* Work required
Copy word for word, please, the lines of the entries below running from the one containing "Mainz bước vào" to the one containing "2025年上半年南宁市建设工", both ends included.

* Supplied records
%%

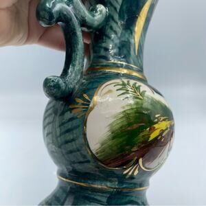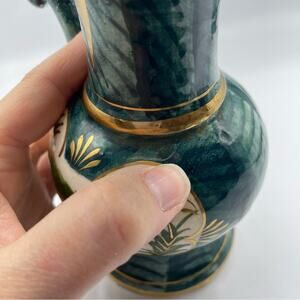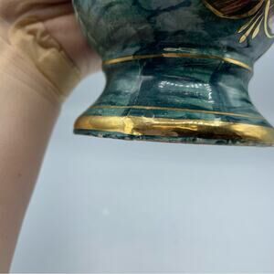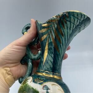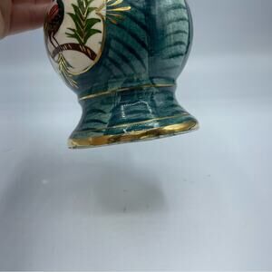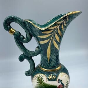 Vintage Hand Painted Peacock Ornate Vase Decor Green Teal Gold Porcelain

%%
%%

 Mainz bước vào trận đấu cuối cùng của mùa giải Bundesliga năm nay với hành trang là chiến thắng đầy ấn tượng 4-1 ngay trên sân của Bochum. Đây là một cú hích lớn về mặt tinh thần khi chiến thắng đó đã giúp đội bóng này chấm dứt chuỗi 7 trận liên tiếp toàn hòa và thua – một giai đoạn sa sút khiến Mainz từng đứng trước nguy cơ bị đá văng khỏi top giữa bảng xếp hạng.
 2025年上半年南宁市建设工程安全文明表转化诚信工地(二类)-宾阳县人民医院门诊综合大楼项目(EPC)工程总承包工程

%%
%%

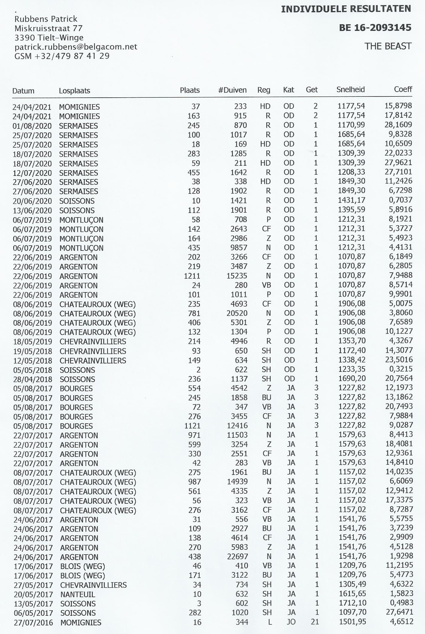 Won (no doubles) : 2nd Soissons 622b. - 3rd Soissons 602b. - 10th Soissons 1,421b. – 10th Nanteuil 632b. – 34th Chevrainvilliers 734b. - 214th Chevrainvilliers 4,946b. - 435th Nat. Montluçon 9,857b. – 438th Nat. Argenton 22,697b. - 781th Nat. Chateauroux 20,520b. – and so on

%%

* Result of the exercise
 Mainz bước vào trận đấu cuối cùng của mùa giải Bundesliga năm nay với hành trang là chiến thắng đầy ấn tượng 4-1 ngay trên sân của Bochum. Đây là một cú hích lớn về mặt tinh thần khi chiến thắng đó đã giúp đội bóng này chấm dứt chuỗi 7 trận liên tiếp toàn hòa và thua – một giai đoạn sa sút khiến Mainz từng đứng trước nguy cơ bị đá văng khỏi top giữa bảng xếp hạng.
 2025年上半年南宁市建设工程安全文明表转化诚信工地(二类)-宾阳县人民医院门诊综合大楼项目(EPC)工程总承包工程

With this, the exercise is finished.